• **Exercise prompt**:
Go to the line with "这家由香港科技大学孵化的企业在 VivaTech 2025" in the records below, then output it and each following line exactly, up to and including the line with "會議審議通過了選舉辦法;審議". Skip pictures and add nothing.
------ Data in this exercise
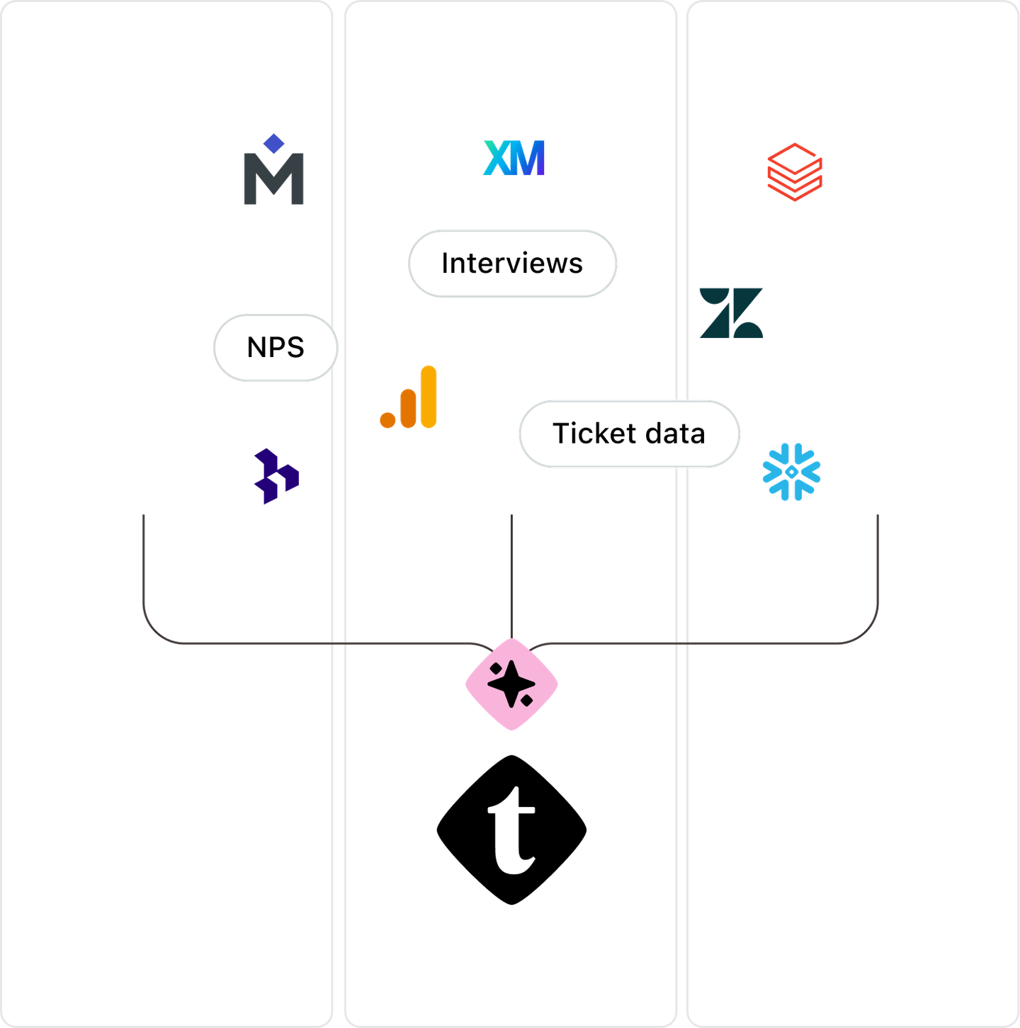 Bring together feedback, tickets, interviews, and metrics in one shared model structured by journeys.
------------
------ Data in this exercise
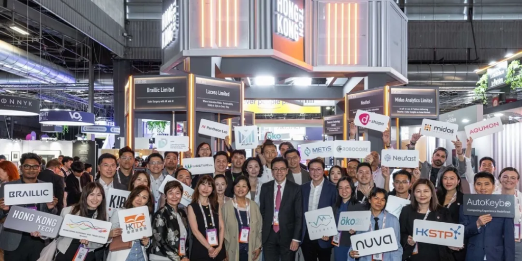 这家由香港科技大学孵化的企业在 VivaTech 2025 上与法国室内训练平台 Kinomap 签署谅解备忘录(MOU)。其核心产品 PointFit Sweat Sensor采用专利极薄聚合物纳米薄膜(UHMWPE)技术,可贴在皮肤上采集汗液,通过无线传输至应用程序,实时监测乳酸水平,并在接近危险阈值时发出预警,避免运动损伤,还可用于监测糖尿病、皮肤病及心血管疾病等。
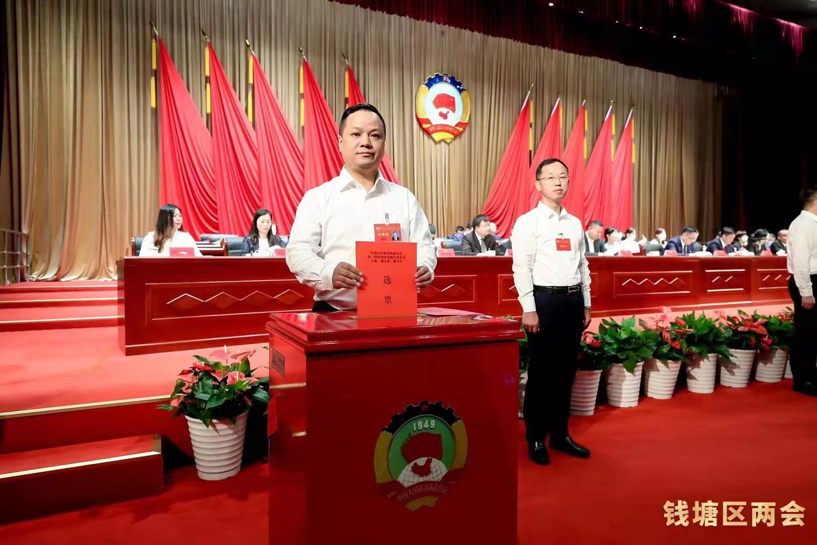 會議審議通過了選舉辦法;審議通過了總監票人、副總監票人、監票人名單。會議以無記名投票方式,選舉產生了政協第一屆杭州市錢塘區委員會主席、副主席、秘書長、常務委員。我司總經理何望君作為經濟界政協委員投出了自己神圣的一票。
------------
• **Answer for this exercise**:
 这家由香港科技大学孵化的企业在 VivaTech 2025 上与法国室内训练平台 Kinomap 签署谅解备忘录(MOU)。其核心产品 PointFit Sweat Sensor采用专利极薄聚合物纳米薄膜(UHMWPE)技术,可贴在皮肤上采集汗液,通过无线传输至应用程序,实时监测乳酸水平,并在接近危险阈值时发出预警,避免运动损伤,还可用于监测糖尿病、皮肤病及心血管疾病等。
 會議審議通過了選舉辦法;審議通過了總監票人、副總監票人、監票人名單。會議以無記名投票方式,選舉產生了政協第一屆杭州市錢塘區委員會主席、副主席、秘書長、常務委員。我司總經理何望君作為經濟界政協委員投出了自己神圣的一票。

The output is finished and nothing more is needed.